Я знаю с давних пор, что не умею быть спокойным и мне не суждено жить тихо и размеренно, пожалуй, то горячечное существование, которое досталось мне в удел, гораздо больше мне по нраву. В свое время Джейн Брукфилд часто журила меня за то, что я слишком быстро мчусь по жизни, и предупреждала, что я состарюсь раньше срока, если не перестану рваться на части, словно во мне сидят даже не два, а три разных человека. В те дни, когда я был ей не безразличен, она то и дело просила меня "немного спустить пар", что я честно старался исполнить, но ничего не получалось. Когда-нибудь, наверное, настанет тишь да гладь, я удалюсь от жизни, не захочу и пальцем шевельнуть ни ради чего на свете, но, честно говоря, мне как-то не верится. Мы властны над своими целями и притязаниями, мы можем обуздать свои порывы или подавить свою несдержанность, чтоб лучше исполнять христианский долг, но мы не в силах изменить свой нрав, не стоит и пытаться. Поэтому когда ко мне пришел Джордж Смит из издательства "Смит, Элдер и Кo", которого я не раз упоминал на этих страницах, надеюсь, в самых лестных выражениях, и предложил занять кресло редактора нового литературного журнала, нетрудно догадаться, что я ему ответил. Возможно, вы ожидали, будто я ответствовал ему с нахмуренным челом, что очень занят, нельзя даже вообразить себе, до какой степени, или, утомленно прикрыв глаза ладонью, прошептал, что изнемогаю от усталости и нуждаюсь в отдыхе? А может быть, вы полагали, будто я стал отнекиваться, отговариваться тем, что у меня нет опыта и я боюсь не справиться? О нет, как вы отлично понимаете, ничего подобного я говорить не стал, однако вам, должно быть, невдомек, до чего же я обрадовался. Вот это поворот судьбы! Вот это перемена! Отныне - никаких романов! К черту лекции! Я так ухватился за предоставленную мне возможность попробовать свои силы в новом деле, словно был вдвое моложе своих лет, но я будто и в самом деле сбросил половину прожитых годков, когда услышал это предложение. Как нас волшебно горячит восторг: кровь начинает бежать быстрее, глаза глядят зорче, походка становится легче, и человек весь светится. Наверное, медицина способна объяснить, в чем тут загадка, но мне ни к чему ее объяснения, мне подавайте результат, а не причины, которых я, кстати сказать, все равно бы не понял. Я лишь соглашаюсь радостно, что средство это чудодейственное, и хорошо бы встречать его почаще в жизни, чтобы омолодить нас всех.

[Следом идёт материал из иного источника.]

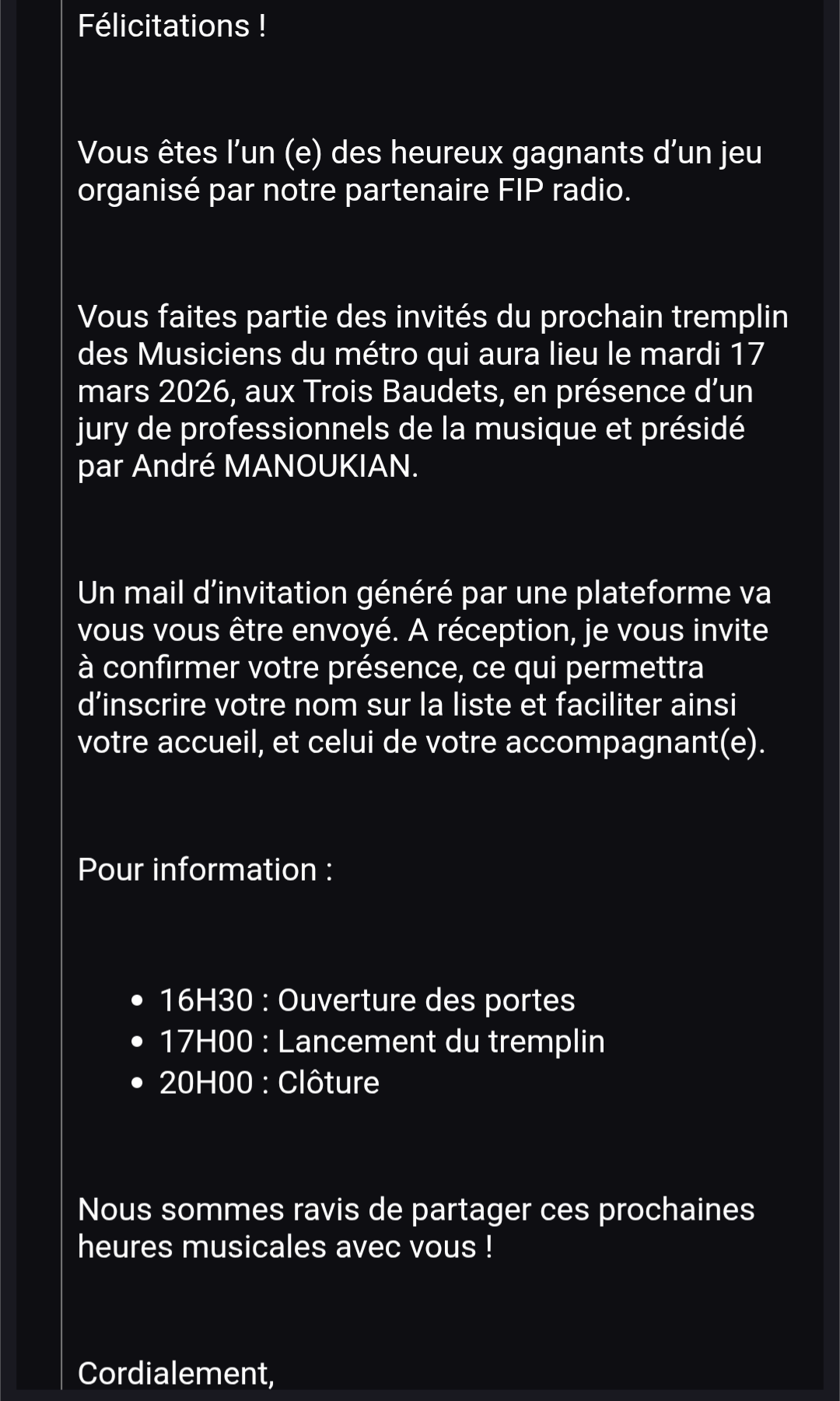 Cadeau gagné : Relance - Je propose 1 place pour le Tremplin des musiciens du Métro - Paris 17 mars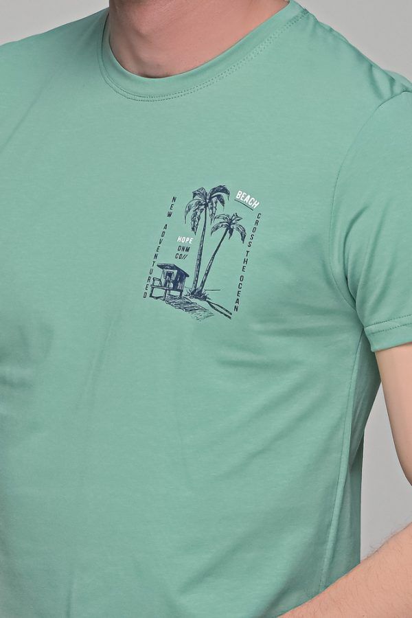 Πράσινο mint ανδρικό t-shirt κοντομάνικο με στάμπα DISRT – slim fit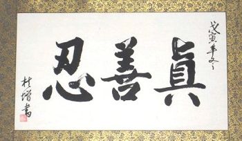 明真相的大法弟子家属为庆祝五一三世界法轮大法日、庆祝法轮大法洪传二十二周年所书的书法作品。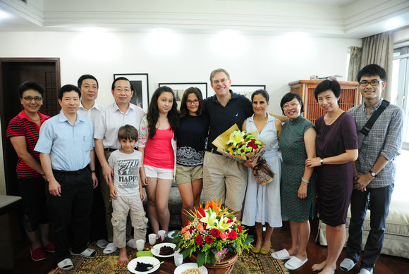 Group photo of Secretary Zheng Detao, relevant department leaders and Prof. Nathan Congdon and his family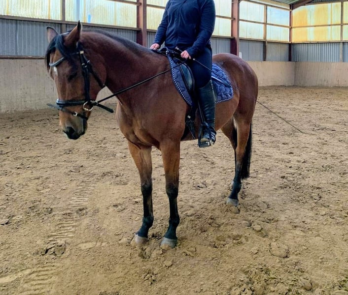 Ehrlicher & unerschrockener Freizeitpartner (8J, 1,55m) – inkl. Zubehör Schweren Herzens verkaufe ich meinen fast 8-jährigen Wallach (*03/2018), da ich ihm zeitlich leider nicht mehr gerecht werden kann. Er ist ein von Grund auf ehrliches, intelligentes und nervenstarkes Pferd. Eckdaten & Charakter: Stockmaß: 1,55 m Charakter: Absolut ruhig, unerschrocken, kein renner ! Er kennt Spiel Kinder, Fahrräder, Trettrecker, Bobbycars, Radlader und Handwerksgeräte direkt vor der Boxentür. Verhalten: Er ist im Umgang ein wahrer Schatz, braucht aber einen Moment Zeit, um Vertrauen zu fassen. Hat man sein Herz gewonnen, ist er ein echtes „Herzenspferd“. Herdenrang: Mittlerer Rang (kennt Box, Weide und Offenstall). Ausbildungsstand: Unterm Reiter: Er läuft in alle 3 Gangarten sicher unterm Reiter. Hat Potenzial in der Dressur noch weit zu kommen. Er ist schon jetzt ein sicherer Freizeitpartner und absolut verlässlich. Bodenarbeit & Springen: Am Boden arbeitet er hervorragend mit. Er ist top Halfterführig und kennt einige Kommandos. An der Longe reagiert er auf Stimmbefehle. Beim Freispringen zeigt er sich sehr talentiert und hat sichtlich Freude am Sprung. Gelände: Bisher ist er routiniert im Spazierengehen; unter dem Reiter ist das Gelände noch Neuland für ihn. Gesundheit & Pflege: Er ist topgepflegt und sofort einsatzbereit: Zähne: Letzte Behandlung im Dezember. Hufschmied: Frisch ausgeschnitten/beschlagen. Pass: Vorhanden. Zusatzoptionen & Zubehör: Das komplette Zubehör, inklusive seines frisch angepassten Sattels, ist im Kaufpreis enthalten, sowie alles weitere. Besonders attraktiv: Auf Wunsch besteht die Möglichkeit, dass er weiterhin in seinem gewohnten Stall untergebracht bleibt. Ideal für: Ich sehe ihn bei einem ambitionierten Freizeitreiter, der Lust auf Lehrgänge, Abzeichen oder kleinere Turniere hat. Mit gezieltem Training ist er ein toller Partner für alle Sparten der Reiterei. Er macht einfach Spaß und ist eine sicheres Verlasspferd. Wichtige Hinweise: Dies ist kein Notverkauf, er wird nicht unter Wert abgegeben. Um Reittourismus zu vermeiden, berechne ich für das Probereiten 20 €, die bei einem Kauf selbstverständlich angerechnet werden. Interesse geweckt? Dann freue ich mich über eine Nachricht, um ein Kennenlernen zu vereinbaren!

Новым журналом жизнь бросила мне вызов, в котором я больше всего тогда нуждался: пора было менять смычок, ибо мой прежний перетерся от того, что я слишком долго водил им по струнам. Какая радость принимать и отвергать, подписывать в печать и критиковать сочинения других людей вместо того, чтоб каторжно трудиться над своими собственными и с замиранием сердца ждать чужого приговора! Как редактор журнала для семейного чтения я смогу влиять на литературу, чего мне давно хотелось, а не буду сам тянуть упряжку; на мой взгляд, то была достойная задача, и я прекрасно понимал, как за нее следует приняться. Читатели мечтают получить журнал, который годился бы для всех: отцов, детей, жен, слуг и прочих, - был бы написан хорошим языком и не вгонял людей в краску, когда они его читают вслух. Кому не надоели беззубые историйки вместо рассказов, хромые вирши, выдаваемые за стихи, и бесконечное пережевывание одних и тех же мыслей, призванное скрыть ту грустную правду, что у авторов нет за душой ни свежести, ни новизны? Вдобавок каждой семье приходилось вводить домашнюю цензуру, и это раздражало: один журнал не подходил для дам, ибо в нем то и дело проскальзывали скабрезные, дешевые остроты, другой не следовало читать детям из-за картин насилия и зверства, третий нужно было прятать от слуг из-за подрывных политических идей, которые он постоянно проповедовал. Мне часто доводилось слышать, как отцы семейства сетовали, что в стране нет подходящего журнала, который предназначался бы для всех возрастов и сословий, они бы покупали его нарасхват, уверяли они меня, - лишь бы он не был слишком скучным или ханжески благочестивым. И я загорелся мечтой создать такой журнал - живой, занимательный, хороший журнал для чтения в домашнем кругу. Во мне заговорил несостоявшийся издатель, не умиравший в моей душе с тех самых пор, как провалился "Нэшенел Стэндарт", который мне когда-то мыслился именно таким изданием.